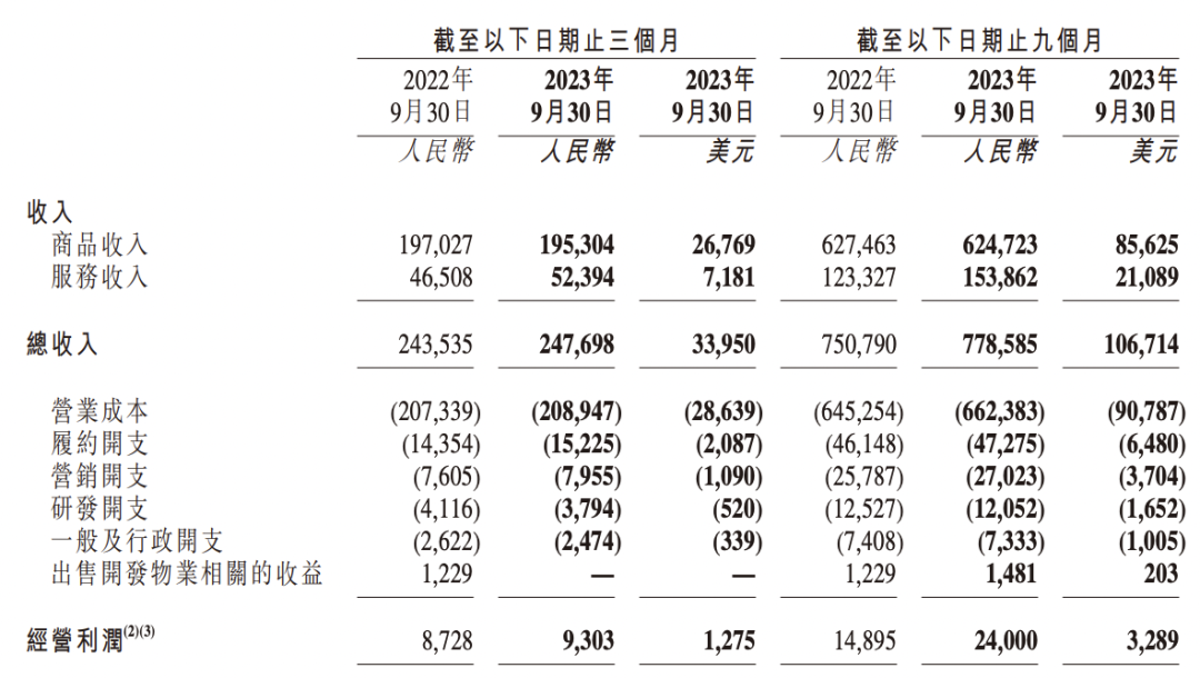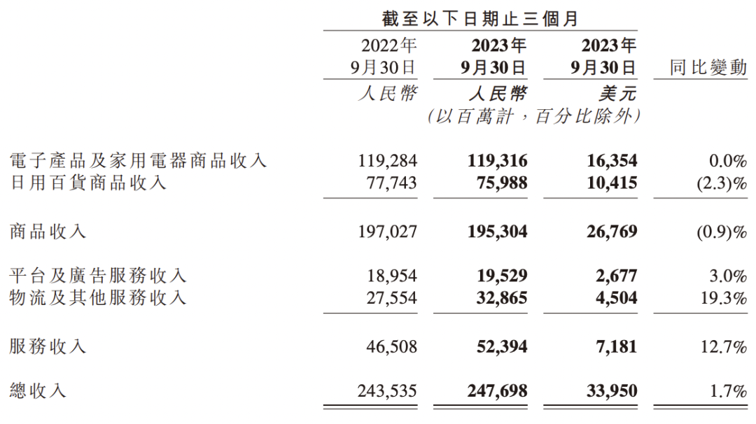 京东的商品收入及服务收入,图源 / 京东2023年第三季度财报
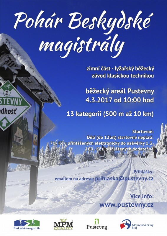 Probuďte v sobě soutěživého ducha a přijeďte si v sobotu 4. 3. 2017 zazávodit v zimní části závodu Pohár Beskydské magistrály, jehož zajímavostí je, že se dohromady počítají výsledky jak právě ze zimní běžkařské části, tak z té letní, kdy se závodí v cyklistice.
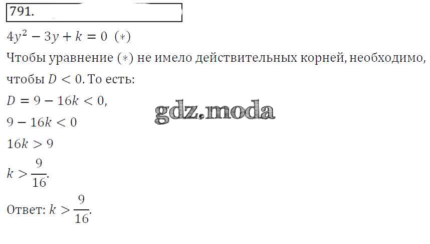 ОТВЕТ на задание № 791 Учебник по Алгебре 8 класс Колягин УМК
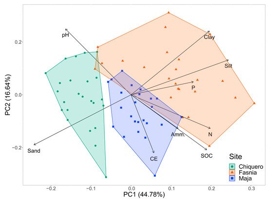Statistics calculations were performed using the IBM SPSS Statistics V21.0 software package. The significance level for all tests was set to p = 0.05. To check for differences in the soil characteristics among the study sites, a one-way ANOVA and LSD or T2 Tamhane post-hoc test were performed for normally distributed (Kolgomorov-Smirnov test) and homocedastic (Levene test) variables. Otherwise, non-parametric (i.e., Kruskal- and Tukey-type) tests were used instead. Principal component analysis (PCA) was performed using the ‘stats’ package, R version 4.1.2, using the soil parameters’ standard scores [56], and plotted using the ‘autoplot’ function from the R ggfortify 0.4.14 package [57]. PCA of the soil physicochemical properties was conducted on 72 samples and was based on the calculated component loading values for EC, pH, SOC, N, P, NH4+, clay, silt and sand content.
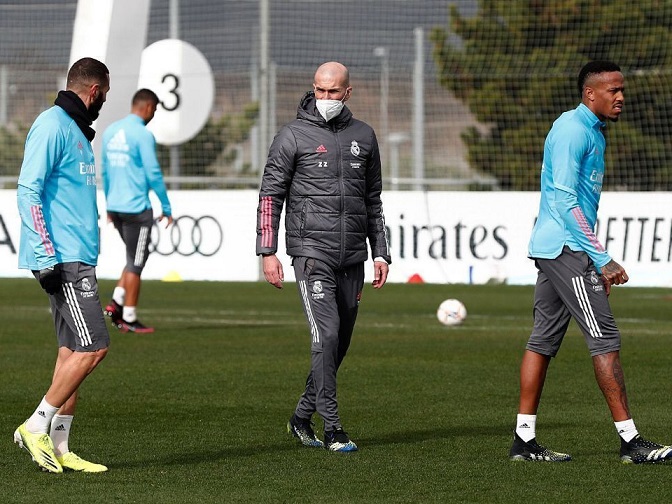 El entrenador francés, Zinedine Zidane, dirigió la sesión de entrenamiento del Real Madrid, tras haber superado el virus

--*--

Task requirements => The line containing "ОТВЕТ на задание" marks the end: retype every line from the first one in the listing up to and including it, without pictures.

Solution to this problem =>
 京东的商品收入及服务收入,图源 / 京东2023年第三季度财报
 Probuďte v sobě soutěživého ducha a přijeďte si v sobotu 4. 3. 2017 zazávodit v zimní části závodu Pohár Beskydské magistrály, jehož zajímavostí je, že se dohromady počítají výsledky jak právě ze zimní běžkařské části, tak z té letní, kdy se závodí v cyklistice.
 ОТВЕТ на задание № 791 Учебник по Алгебре 8 класс Колягин УМК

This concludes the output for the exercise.